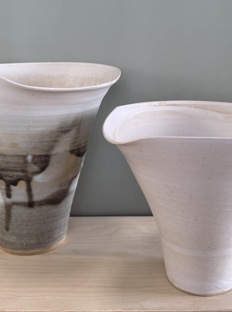 The wheel-throwing process add a layer of material literacy to Tachelet’s work. Centring clay and shaping out forms are actions that require precise coordination between the hands, the eyes and the rotating clay. Tachelet’s choice to work in both stoneware and porcelain demonstrates a thorough understanding of both materials—stoneware being robust and forgiving, while porcelain tending to be more challenging yet capable of creating delicate paper-thin walls. Her work is witness of her fascination with the movement of materials, both on the wheel and through the glazing and firing process, whereby surface and form become her canvas in space.
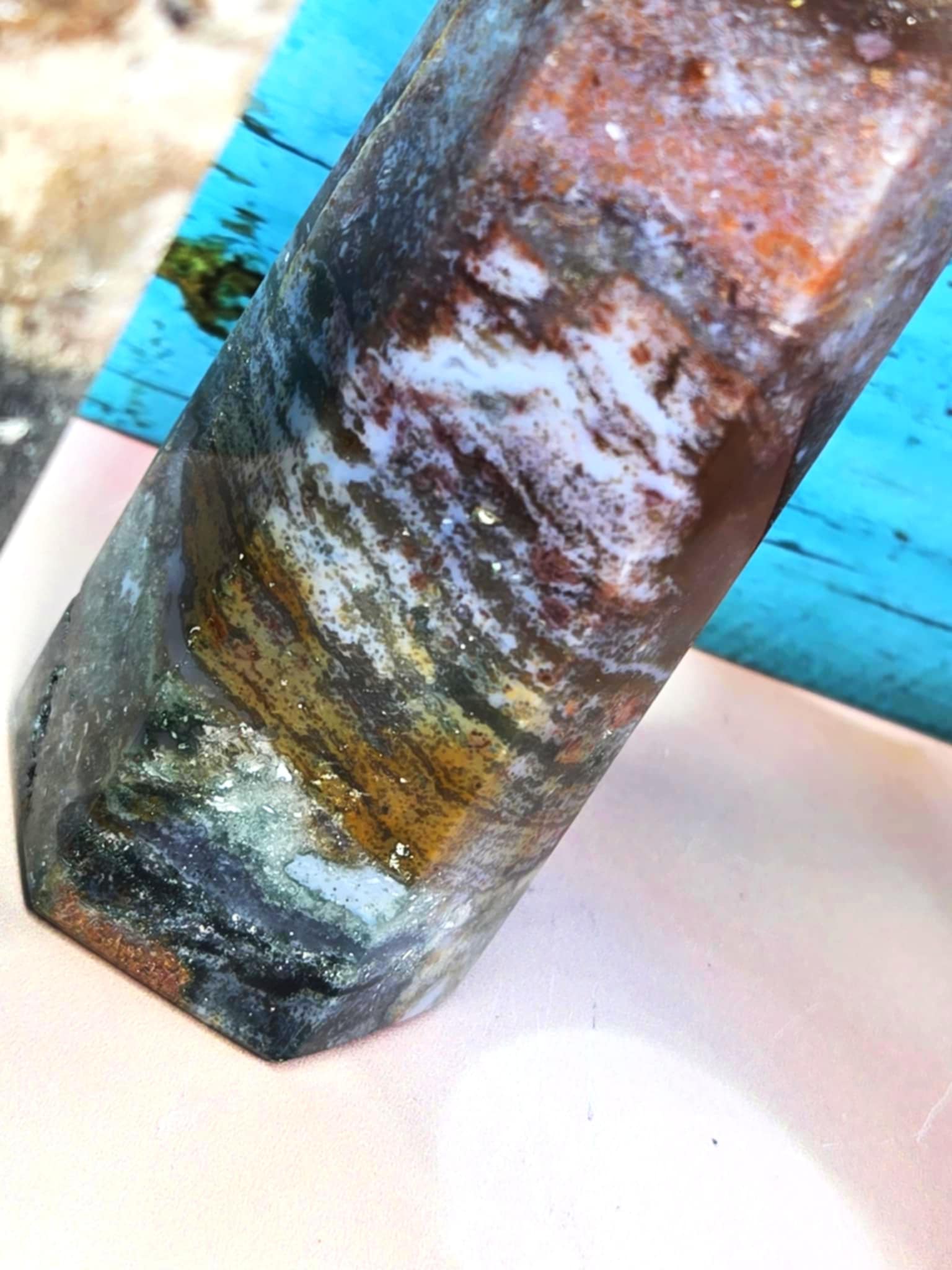 Ocean Jasper is such a great stone for positive energy and shifting yourself into a mindset of possibility and openness. Once you get in that space it draws more and more of that good energy to you. If you can trust it and take its lead you will find your auric field shifted to a safe and whole place of positivity in a short while. Spend time with your tower frequently and it will help re-program your default energy to that of expecting and receiving all the good outcomes you can imagine.
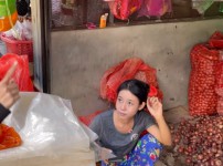 미얀마 양파까고 있는 여자의 외모
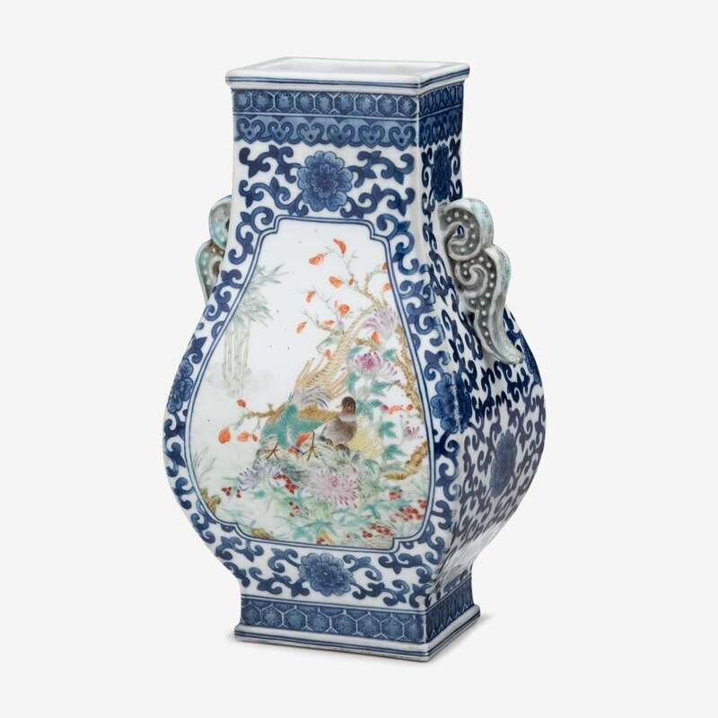 A Chinese underglaze blue and famille rose enameled "hu" vase qianlong mark, late qing/early republic period

Task brief:
The answer is the full listing above, repeated exactly, with its pictures removed.

Reply:
 The wheel-throwing process add a layer of material literacy to Tachelet’s work. Centring clay and shaping out forms are actions that require precise coordination between the hands, the eyes and the rotating clay. Tachelet’s choice to work in both stoneware and porcelain demonstrates a thorough understanding of both materials—stoneware being robust and forgiving, while porcelain tending to be more challenging yet capable of creating delicate paper-thin walls. Her work is witness of her fascination with the movement of materials, both on the wheel and through the glazing and firing process, whereby surface and form become her canvas in space.
 Ocean Jasper is such a great stone for positive energy and shifting yourself into a mindset of possibility and openness. Once you get in that space it draws more and more of that good energy to you. If you can trust it and take its lead you will find your auric field shifted to a safe and whole place of positivity in a short while. Spend time with your tower frequently and it will help re-program your default energy to that of expecting and receiving all the good outcomes you can imagine.
 미얀마 양파까고 있는 여자의 외모
 A Chinese underglaze blue and famille rose enameled "hu" vase qianlong mark, late qing/early republic period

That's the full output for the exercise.